PROVIDED DATA:
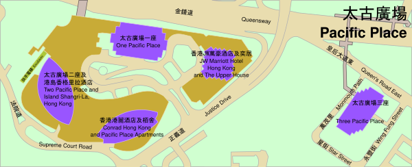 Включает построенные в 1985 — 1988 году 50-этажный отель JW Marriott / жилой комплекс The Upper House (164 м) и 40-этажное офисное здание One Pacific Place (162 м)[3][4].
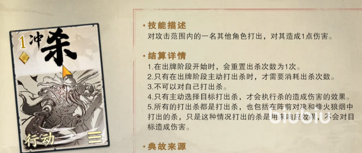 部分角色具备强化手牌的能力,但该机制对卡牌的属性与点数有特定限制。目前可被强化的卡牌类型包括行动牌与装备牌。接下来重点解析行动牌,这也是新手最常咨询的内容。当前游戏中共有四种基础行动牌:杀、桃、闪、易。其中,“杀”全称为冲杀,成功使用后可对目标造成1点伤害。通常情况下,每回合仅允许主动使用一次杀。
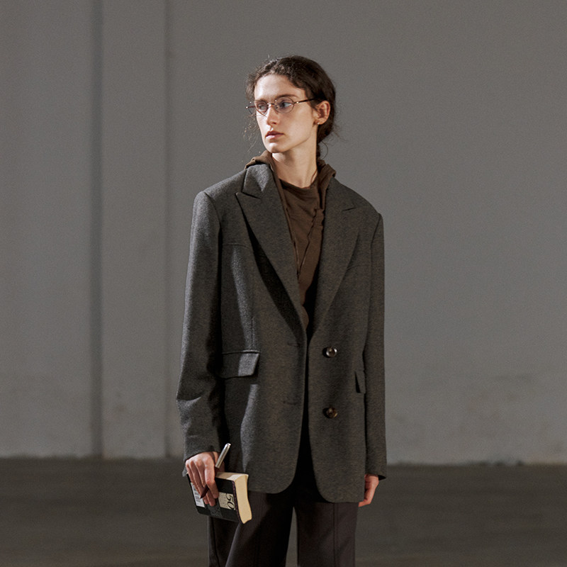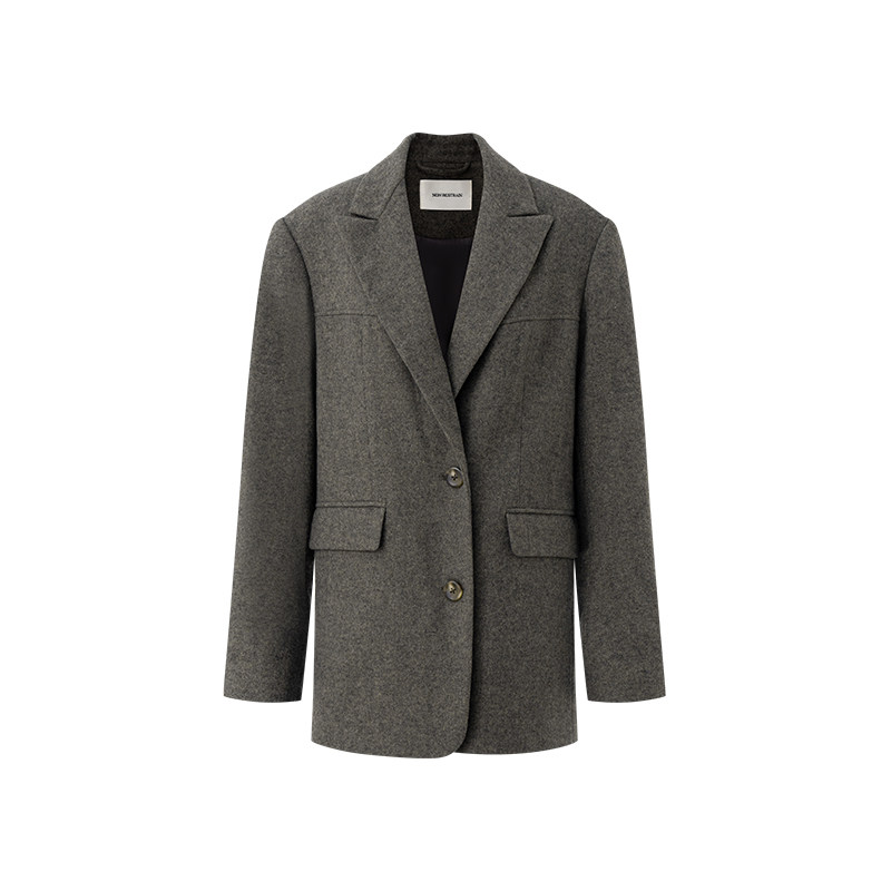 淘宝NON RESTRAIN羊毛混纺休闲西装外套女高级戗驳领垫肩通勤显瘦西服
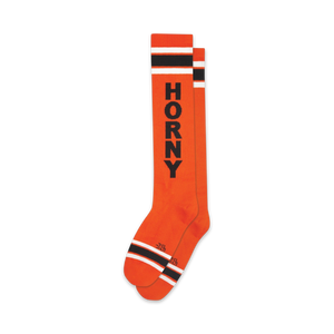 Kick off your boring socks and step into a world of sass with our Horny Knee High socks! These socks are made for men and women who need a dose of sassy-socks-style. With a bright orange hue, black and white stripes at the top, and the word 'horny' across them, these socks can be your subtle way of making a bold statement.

WHAT IS NEEDED:
Your copy should start at the line with "淘宝NON RESTRAIN羊毛混纺休闲西装外套女高级戗驳领垫肩通勤显瘦西服", stop at the last line of the listing above, match exactly, and contain no pictures.

SOLUTION TO THE EXERCISE:
 淘宝NON RESTRAIN羊毛混纺休闲西装外套女高级戗驳领垫肩通勤显瘦西服
 Kick off your boring socks and step into a world of sass with our Horny Knee High socks! These socks are made for men and women who need a dose of sassy-socks-style. With a bright orange hue, black and white stripes at the top, and the word 'horny' across them, these socks can be your subtle way of making a bold statement.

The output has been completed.